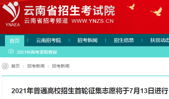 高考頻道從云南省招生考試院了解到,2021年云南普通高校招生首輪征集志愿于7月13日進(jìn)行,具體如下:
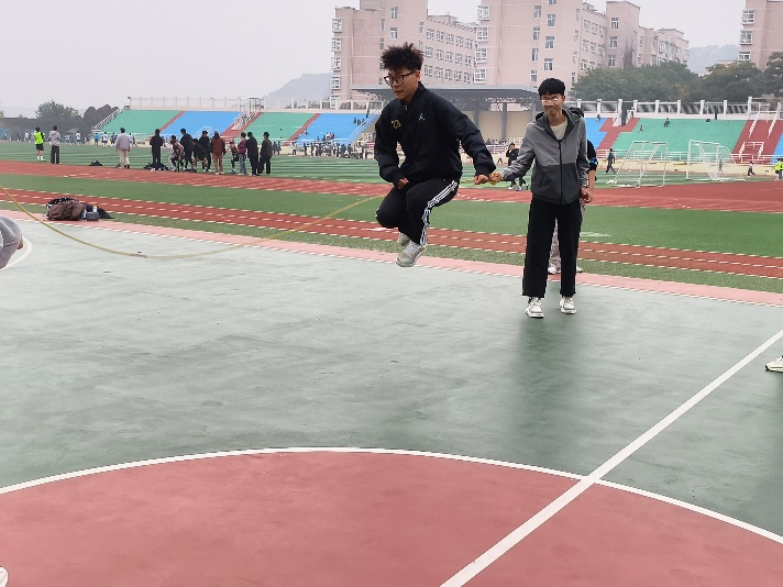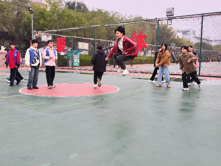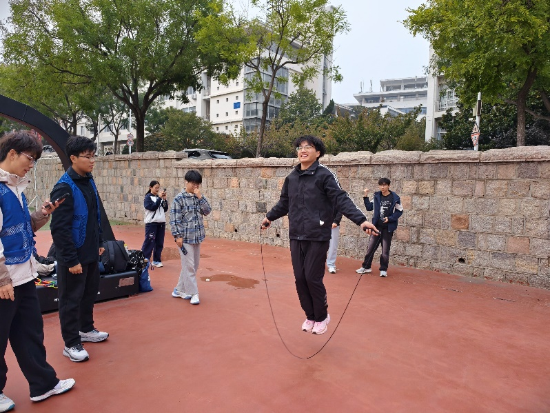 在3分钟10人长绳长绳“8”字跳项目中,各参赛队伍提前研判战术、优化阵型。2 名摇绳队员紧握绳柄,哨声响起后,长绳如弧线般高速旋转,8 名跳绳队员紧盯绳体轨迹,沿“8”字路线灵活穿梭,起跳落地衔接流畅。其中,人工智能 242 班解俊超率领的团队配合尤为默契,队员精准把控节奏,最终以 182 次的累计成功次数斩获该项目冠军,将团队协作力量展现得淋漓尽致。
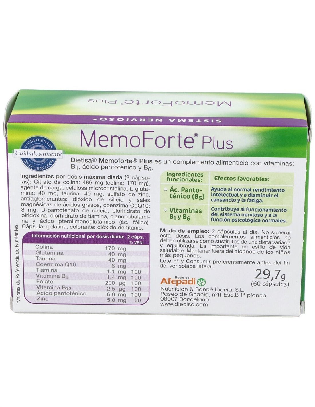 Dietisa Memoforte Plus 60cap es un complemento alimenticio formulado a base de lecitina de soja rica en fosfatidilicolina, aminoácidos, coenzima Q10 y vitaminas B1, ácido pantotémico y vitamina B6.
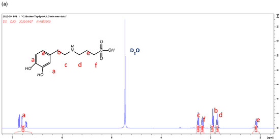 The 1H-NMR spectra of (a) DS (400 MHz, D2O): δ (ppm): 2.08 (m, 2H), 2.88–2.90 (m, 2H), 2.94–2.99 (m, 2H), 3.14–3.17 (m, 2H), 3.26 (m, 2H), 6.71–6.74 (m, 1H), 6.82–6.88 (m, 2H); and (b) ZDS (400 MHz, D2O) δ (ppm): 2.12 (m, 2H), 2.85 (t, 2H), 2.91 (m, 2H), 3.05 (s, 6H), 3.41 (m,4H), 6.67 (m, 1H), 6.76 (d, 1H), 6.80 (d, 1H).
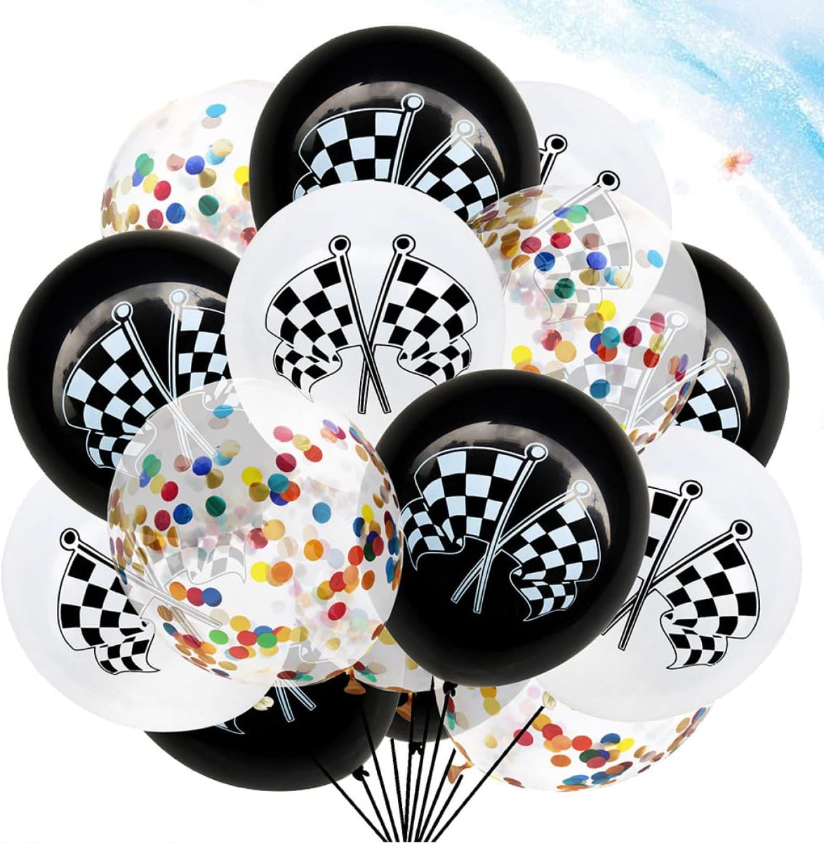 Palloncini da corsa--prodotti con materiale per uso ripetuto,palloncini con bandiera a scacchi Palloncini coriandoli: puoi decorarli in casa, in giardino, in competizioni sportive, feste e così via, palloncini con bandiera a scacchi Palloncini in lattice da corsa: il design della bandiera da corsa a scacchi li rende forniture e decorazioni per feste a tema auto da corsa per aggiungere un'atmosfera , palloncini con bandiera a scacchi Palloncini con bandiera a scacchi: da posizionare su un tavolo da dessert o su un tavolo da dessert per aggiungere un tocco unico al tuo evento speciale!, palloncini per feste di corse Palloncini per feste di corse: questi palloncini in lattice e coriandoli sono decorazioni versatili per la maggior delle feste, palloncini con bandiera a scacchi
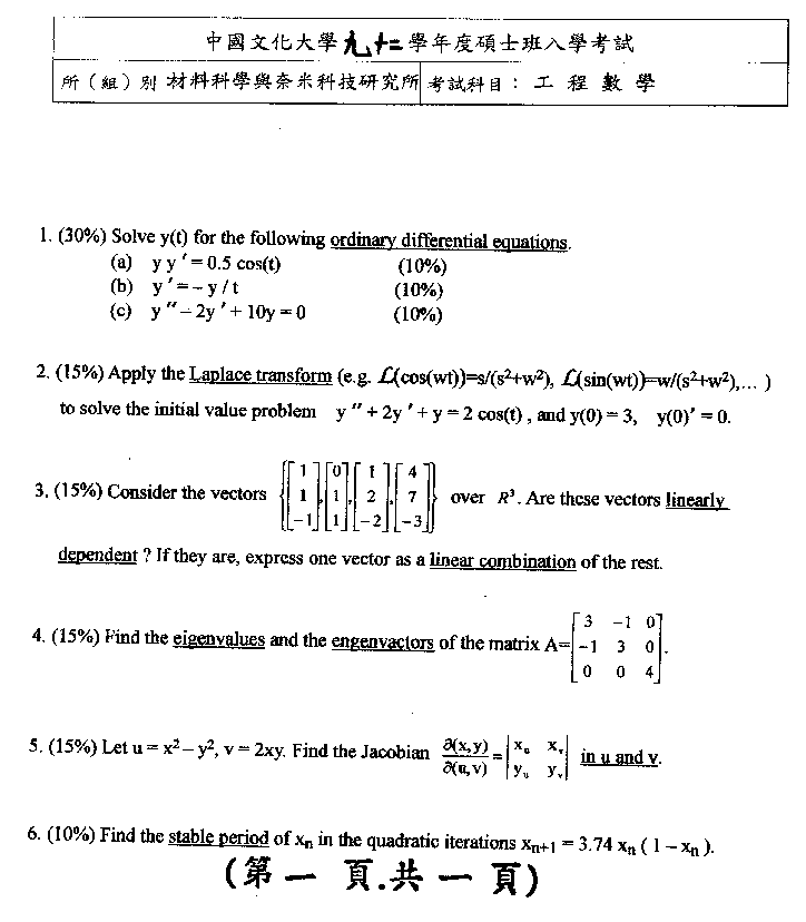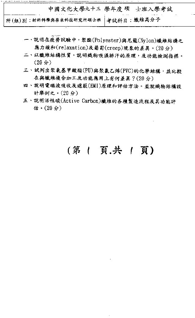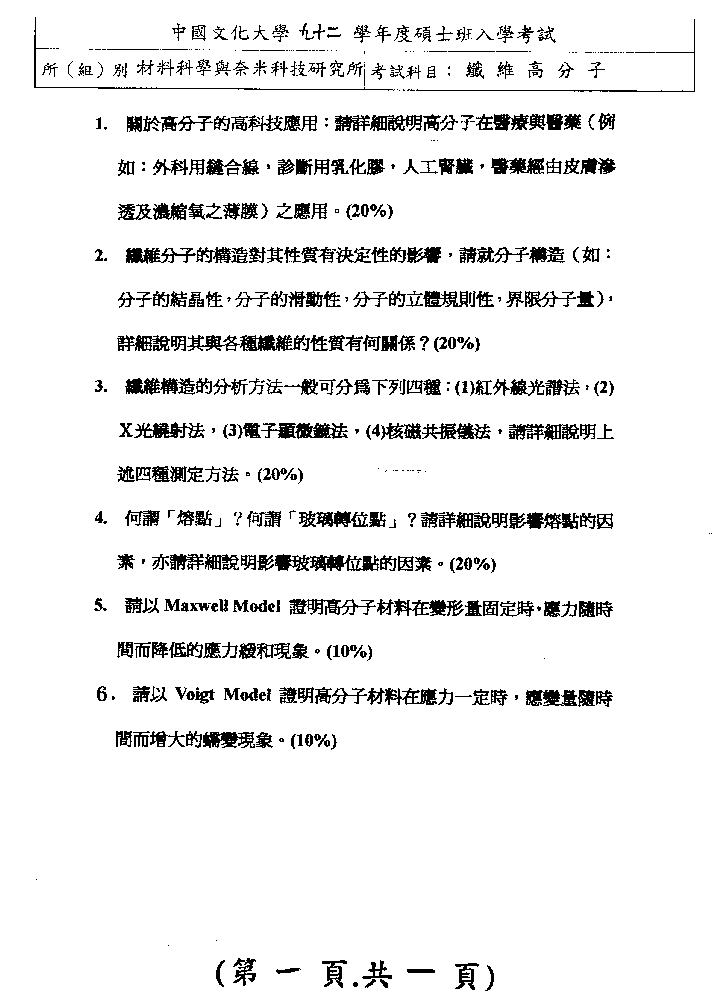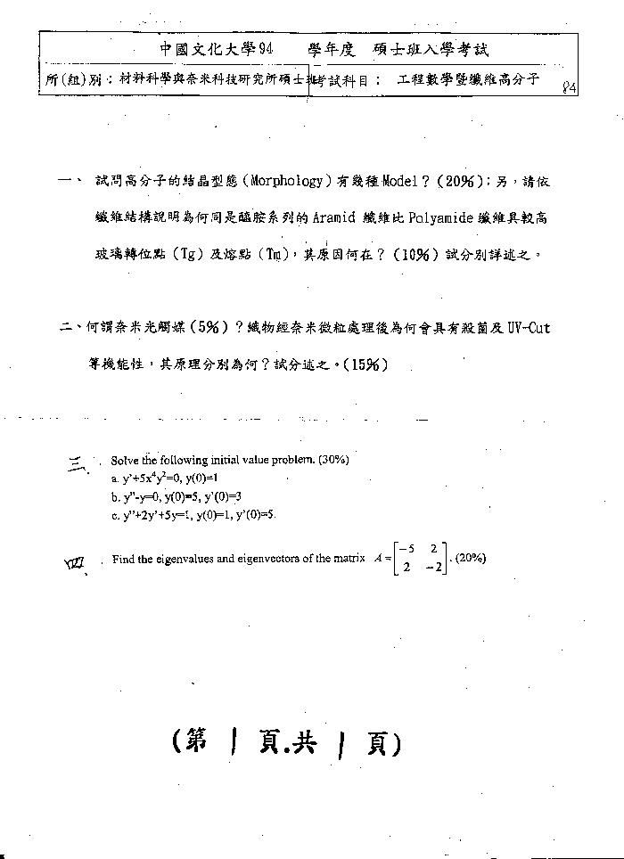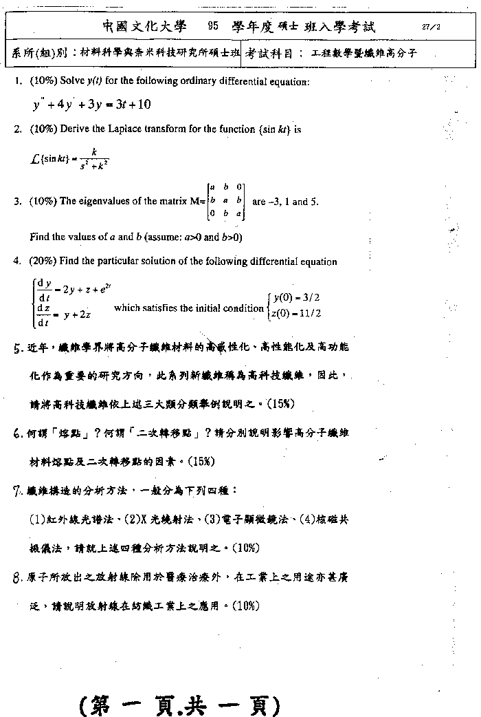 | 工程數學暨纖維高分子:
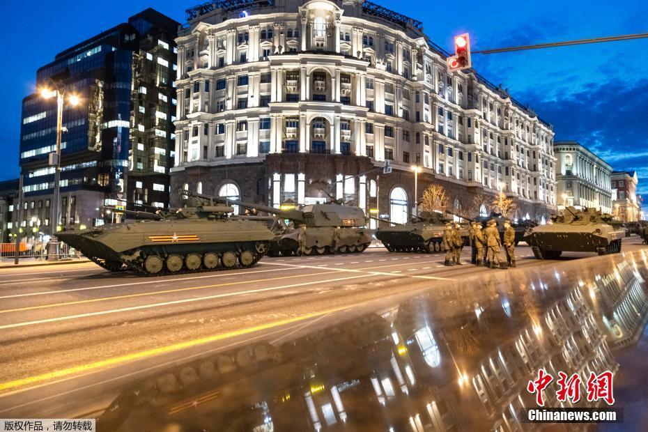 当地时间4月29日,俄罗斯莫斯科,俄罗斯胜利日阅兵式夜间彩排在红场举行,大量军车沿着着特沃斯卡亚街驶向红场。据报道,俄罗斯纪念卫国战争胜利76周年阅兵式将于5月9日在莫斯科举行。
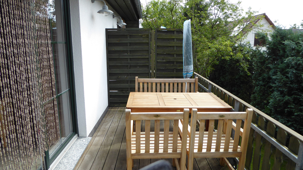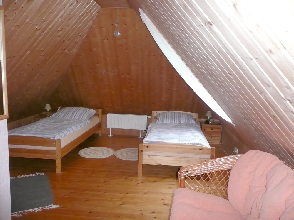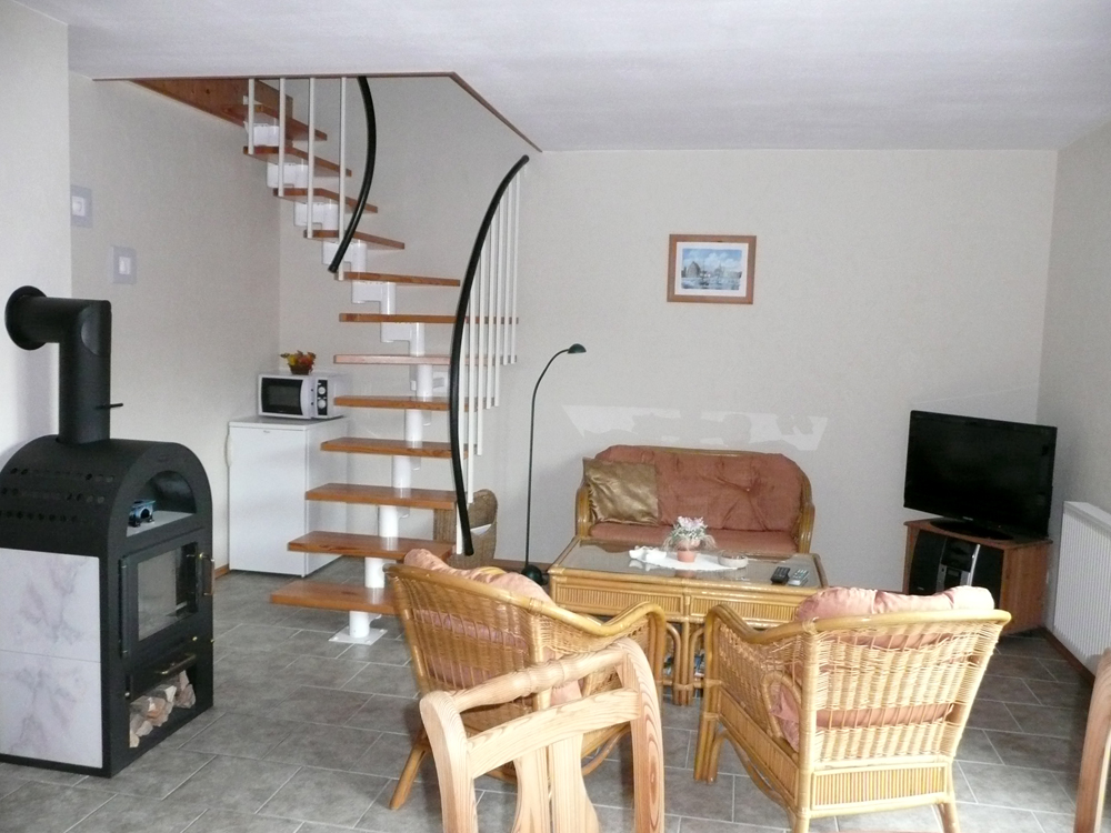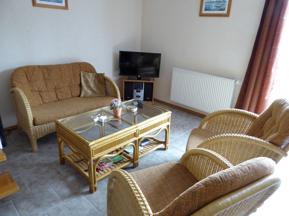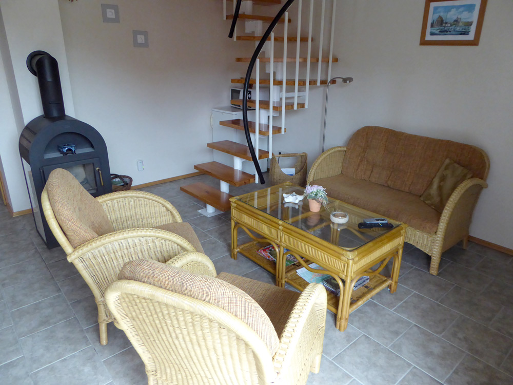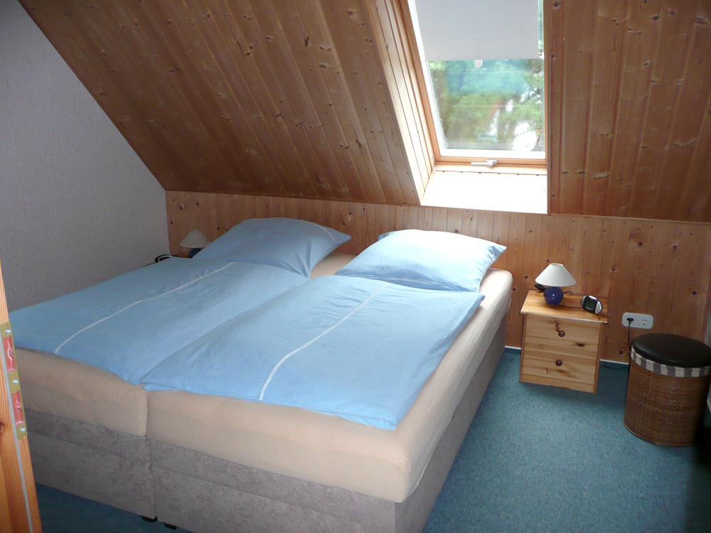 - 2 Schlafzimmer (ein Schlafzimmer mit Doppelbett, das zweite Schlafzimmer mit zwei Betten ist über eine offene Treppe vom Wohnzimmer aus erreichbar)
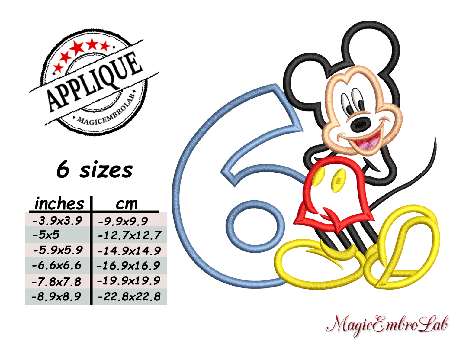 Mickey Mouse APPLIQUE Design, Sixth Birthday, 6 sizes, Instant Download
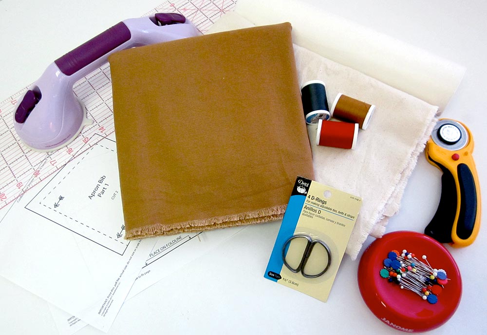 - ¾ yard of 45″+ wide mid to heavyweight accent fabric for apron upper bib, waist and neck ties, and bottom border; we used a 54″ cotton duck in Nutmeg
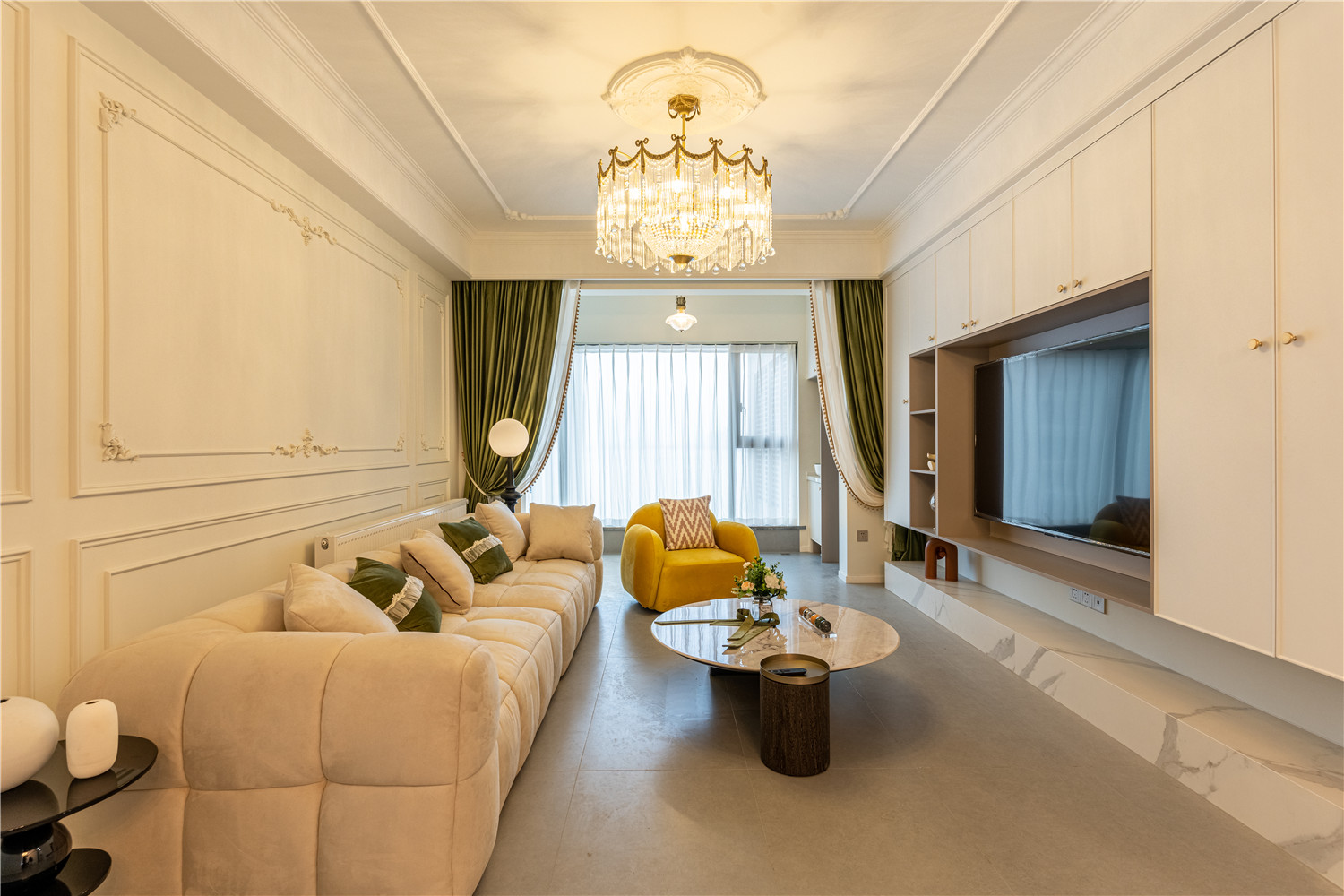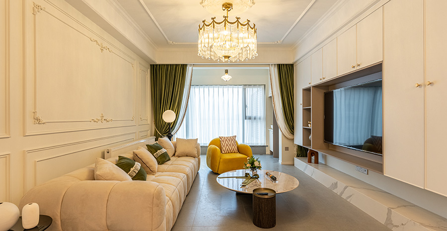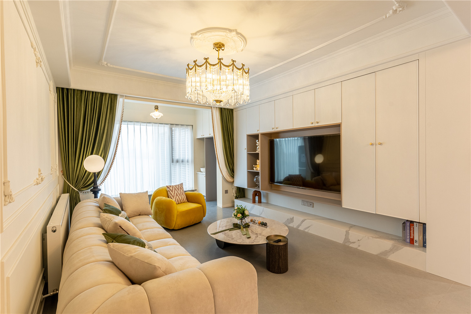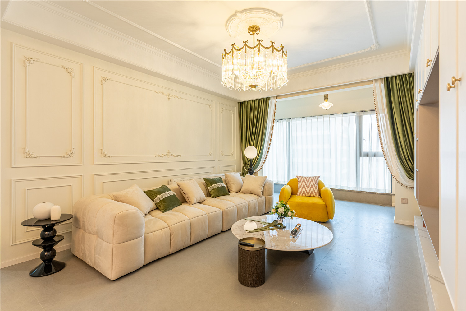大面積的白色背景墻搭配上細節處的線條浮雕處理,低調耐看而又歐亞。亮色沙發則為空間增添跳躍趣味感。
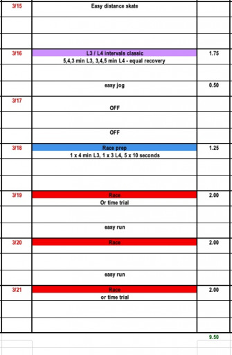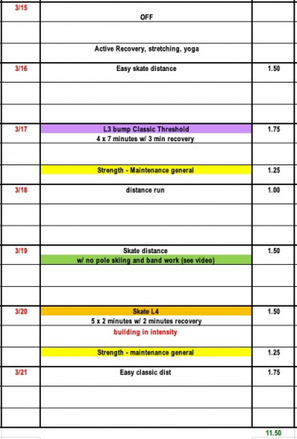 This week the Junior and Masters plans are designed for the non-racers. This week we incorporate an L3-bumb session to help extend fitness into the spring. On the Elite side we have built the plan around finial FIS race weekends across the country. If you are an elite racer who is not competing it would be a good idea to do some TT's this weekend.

Assignment :: Return, unchanged, the lines from the first line of the material through the line that holds "The 1H-NMR spectra", inclusive, omitting pictures.

Result for this task ::
 高考頻道從云南省招生考試院了解到,2021年云南普通高校招生首輪征集志愿于7月13日進(jìn)行,具體如下:
 在3分钟10人长绳长绳“8”字跳项目中,各参赛队伍提前研判战术、优化阵型。2 名摇绳队员紧握绳柄,哨声响起后,长绳如弧线般高速旋转,8 名跳绳队员紧盯绳体轨迹,沿“8”字路线灵活穿梭,起跳落地衔接流畅。其中,人工智能 242 班解俊超率领的团队配合尤为默契,队员精准把控节奏,最终以 182 次的累计成功次数斩获该项目冠军,将团队协作力量展现得淋漓尽致。
 Dietisa Memoforte Plus 60cap es un complemento alimenticio formulado a base de lecitina de soja rica en fosfatidilicolina, aminoácidos, coenzima Q10 y vitaminas B1, ácido pantotémico y vitamina B6.
 The 1H-NMR spectra of (a) DS (400 MHz, D2O): δ (ppm): 2.08 (m, 2H), 2.88–2.90 (m, 2H), 2.94–2.99 (m, 2H), 3.14–3.17 (m, 2H), 3.26 (m, 2H), 6.71–6.74 (m, 1H), 6.82–6.88 (m, 2H); and (b) ZDS (400 MHz, D2O) δ (ppm): 2.12 (m, 2H), 2.85 (t, 2H), 2.91 (m, 2H), 3.05 (s, 6H), 3.41 (m,4H), 6.67 (m, 1H), 6.76 (d, 1H), 6.80 (d, 1H).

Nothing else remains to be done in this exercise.